Through surveys and interviews, Newton asks about crew members’ overall work engagement, and how they switch from one task to another. Given the high pressure they work under, he says it’s often difficult to make a smooth transition between tasks, particularly when a task isn’t quite done yet.

“There’s so much going on in an astronaut’s day, it’s so regimented, that it can be hard to easily switch from one task to another,” says Newton. “And then you have mission control in Houston watching everything you do.”

Research has shown that when a person switches from one engaging task to another—say, a financial analyst switching from constructing a complicated financial model to responding to a co-worker’s urgent request for help with a client—they often don’t completely make the switch mentally because they’re still thinking about the previous task. Newton refers to this as residual engagement, and says it can lead to mistakes in the subsequent task that the worker isn’t completely focused on yet. 

“I think that’s when mistakes happen,” one ISS astronaut said in an interview. “It’s because you’re not fully engaged, and…you move from one thing to the next to the next. It’s hard to keep your head in one game after the other after the other after the other.”

Newton’s research is part of a larger series of studies by NASA about how astronauts can work smoothly with others in close quarters for months on end. Ultimately, the work will be used to plan long-duration space missions on the ISS and on a mission to Mars, which is projected to take as long as two years.

“It takes a lot of really smart people to put an astronaut in space,” Newton says. “What we’re looking at is, once you get them in space, how do you keep them functioning effectively and staying motivated on a long-duration mission.”

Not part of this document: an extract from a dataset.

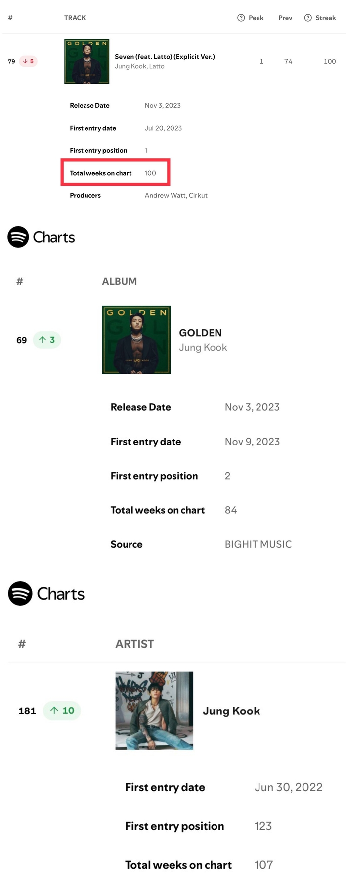 세계 최대 음원 스트리밍 플랫폼 스포티파이에 따르면, ‘Seven’(2023년 7월 발매)은 6월 6일~12일 자 ‘위클리 톱 송 글로벌’ 차트에서 79위를 차지하며 100주 연속 진입에 성공했다. 이는 아시아 솔로 가수곡으로는 최초이자 최장 기록이다.

Some of the tasks he questions astronauts about are questions that business professors don’t usually get to ask research subjects: “How do you transition out of a spacewalk?” for instance. He also asks them about more mundane tasks, such as transitioning to another task after dumping out a load of wastewater. In a hyper-controlled atmosphere like a space capsule, he says, even the most pedestrian of tasks could lead a distracted crew member to push the wrong button.

Much of his research also has practical applications for the typical office worker. In a recently published paper, Newton and his co-authors suggest that workers perform more engaging tasks early in the day, when they have plenty of energy to focus on the work. He says many workers start their day checking emails, which is typically a low-energy activity and not terribly engaging.

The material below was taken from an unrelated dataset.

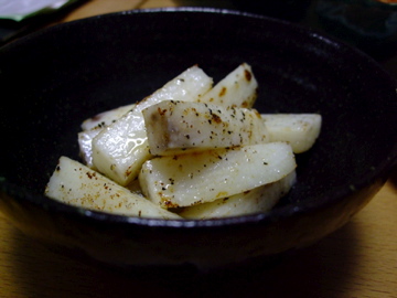 切った山芋をごま油で炒め、酒、塩、黒こしょうで味付けしたもの。

“Our findings suggest that when individuals invest their energies in an engaging task, they not only experience positive feelings but are also more engaged in a subsequent task and perform that task more effectively,” he writes in the paper, “Taking Engagement to Task: The Nature and Functioning of Task Engagement Across Transitions,” published recently in the Journal of Applied Psychology.

The project is one of many NASA partnerships that continue to build the University of Iowa’s reputation as a premier research center for space science.